** REQUIREMENT **
Reproduce exactly the line that contains "- Stockholm behöver" and every line after it through the end of the records below, leaving out all pictures.

*****

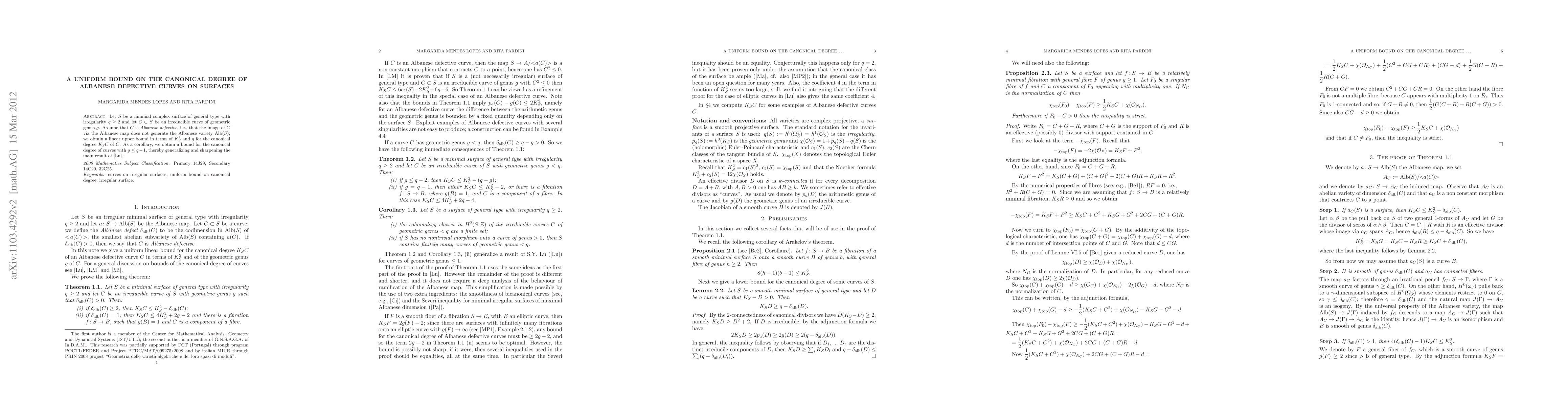 Researchers found a uniform bound on the canonical degree of Albanese defective curves on surfaces, improving a previous result and generalizing it to more complex cases.
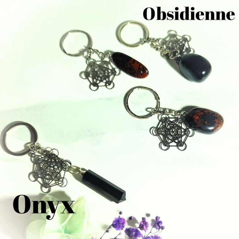 🌙On adore ce symbole Métatron en acier inoxydable attaché à ce porte-clés avec sa pierre au choix,
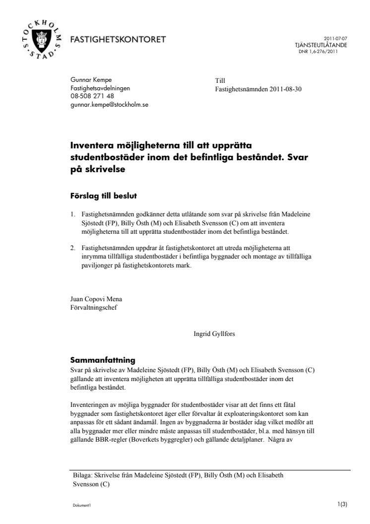 - Stockholm behöver fler studentbostäder för att behålla sin tätposition som utbildningsstad. Det är oerhört glädjande att Fastighetskontoret har hittat ett flertal tomter där det skulle gå att upprätta tillfälliga studentbostäder, säger Madeleine Sjöstedt (FP), kultur- och fastighetsborgarråd.
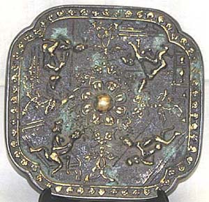 全体的形態と中央・縁の花紋様は唐の葵花形を模 しているが、春宮図は主に清朝あたりから作られる もので、唐代には無い。また、唐代は白銅が、清朝 は黄銅が中心で、青銅ものは概して少ない。本品は 一見青銅の様に見せて居るが、それは表面を加工 している為で、実は中身は真鍮であり、塗金の如く 見えるのも、単なる着色に過ぎず、青錆びも人工的 に付けたもので、複数の時代の特徴を各々模して合 わせた、極めていかがわしい倣品である。 |
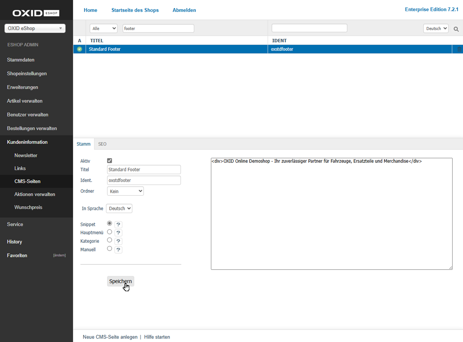 Inhalte: aktive CMS-Seite, Titel, Ident, Ordner für CMS-Seiten, Snippet, Hauptmenü, Kategorie, Link in Kategorienavigation, manuell, inkludierte CMS-Seite, Inhalt der CMS-Seite, Editor, WYSIWYG, HTML-Code

*****

** PROBLEM SOLUTION **
 - Stockholm behöver fler studentbostäder för att behålla sin tätposition som utbildningsstad. Det är oerhört glädjande att Fastighetskontoret har hittat ett flertal tomter där det skulle gå att upprätta tillfälliga studentbostäder, säger Madeleine Sjöstedt (FP), kultur- och fastighetsborgarråd.
 全体的形態と中央・縁の花紋様は唐の葵花形を模 しているが、春宮図は主に清朝あたりから作られる もので、唐代には無い。また、唐代は白銅が、清朝 は黄銅が中心で、青銅ものは概して少ない。本品は 一見青銅の様に見せて居るが、それは表面を加工 している為で、実は中身は真鍮であり、塗金の如く 見えるのも、単なる着色に過ぎず、青錆びも人工的 に付けたもので、複数の時代の特徴を各々模して合 わせた、極めていかがわしい倣品である。 |
 Inhalte: aktive CMS-Seite, Titel, Ident, Ordner für CMS-Seiten, Snippet, Hauptmenü, Kategorie, Link in Kategorienavigation, manuell, inkludierte CMS-Seite, Inhalt der CMS-Seite, Editor, WYSIWYG, HTML-Code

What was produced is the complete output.